Specify the services you offer
It can be so easy to say yes to everything as a freelancer, especially when you're just starting out.
However, this can be counterproductive and keep you from doing what you actually want to do with your skills. Instead, you'll be busy doing work that you aren't passionate about for clients you don't want to work for which gets really old, really fast.
So by getting specific about the services you want to offer, you can avoid this, because if someone asks whether you offer a certain service and you don't, you can just say no!
Set goals for your business
Freelancers often rely on recommendations to keep their business floating along. And that's fine. Recommendations are important to showcase how awesome you are.
But by relying on recommendations only, your business isn't likely to grow.
What works better to grow your business is setting clear, specific goals for your business's future. You don't have to hit them all or be deemed a failure forever - it's your business after all - but it's good to have an idea of where you want your business to be in a few months or even years from now.
Size up the competition
This may be frowned upon, but I think it's important to be aware of who else is out there doing what you're doing or working with your dream client.
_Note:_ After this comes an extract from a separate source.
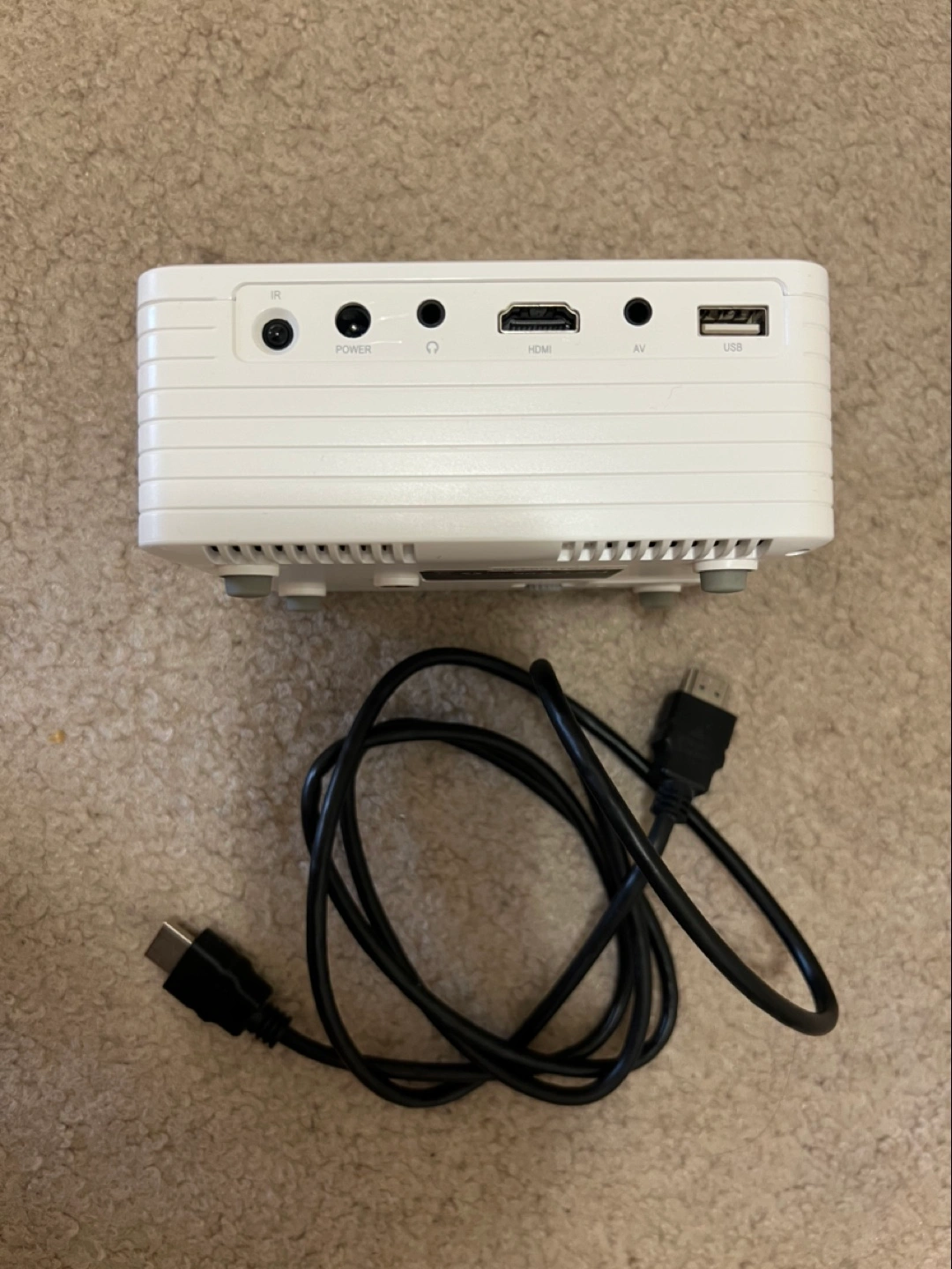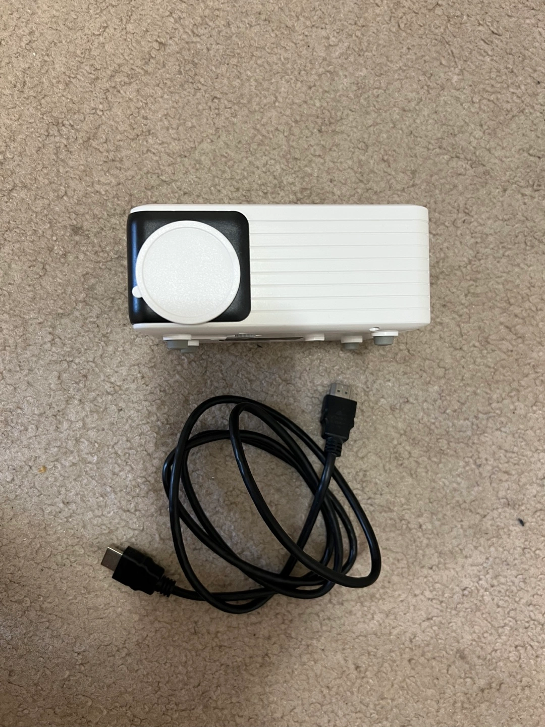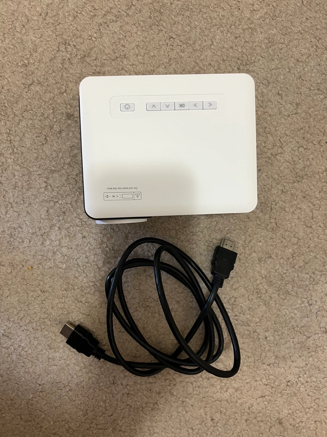 Portable mini projector, perfect for presentations or home entertainment. Comes with an HDMI cable for easy connectivity, power cable & remote.

Have a look at your competitors and make a note of what they're doing well, how much they're charging for their services and their weaknesses - or what you can do better.
It isn't about copying them, or trying to poach their clients - that's never going to work out well for you - but simply being aware of what else is out there and what you can improve on.
Get to know your customer
Okay, so you know who your dream client is - but how will you know what they want? Market research, that's how.
It's really easy...all you need to do is ask your potential clients!
And the great thing is, you're most likely already in touch with them. Social media, previous clients, your email list...there are so many ways to reach people.
I would suggest either putting together a simple survey on MailChimp or directly asking your social media followers what they'd like to see from you.
Then once you have your answers, you can add a brief summary to your business plan and look at the current services you offer, or are planning to offer, to see if these match up with what your audience want.
So hopefully, this post has shown you how creating a business plan can help you to grow your freelance business and offer services your clients really want!
If you're a freelancer, do you have a business plan? Why/why not?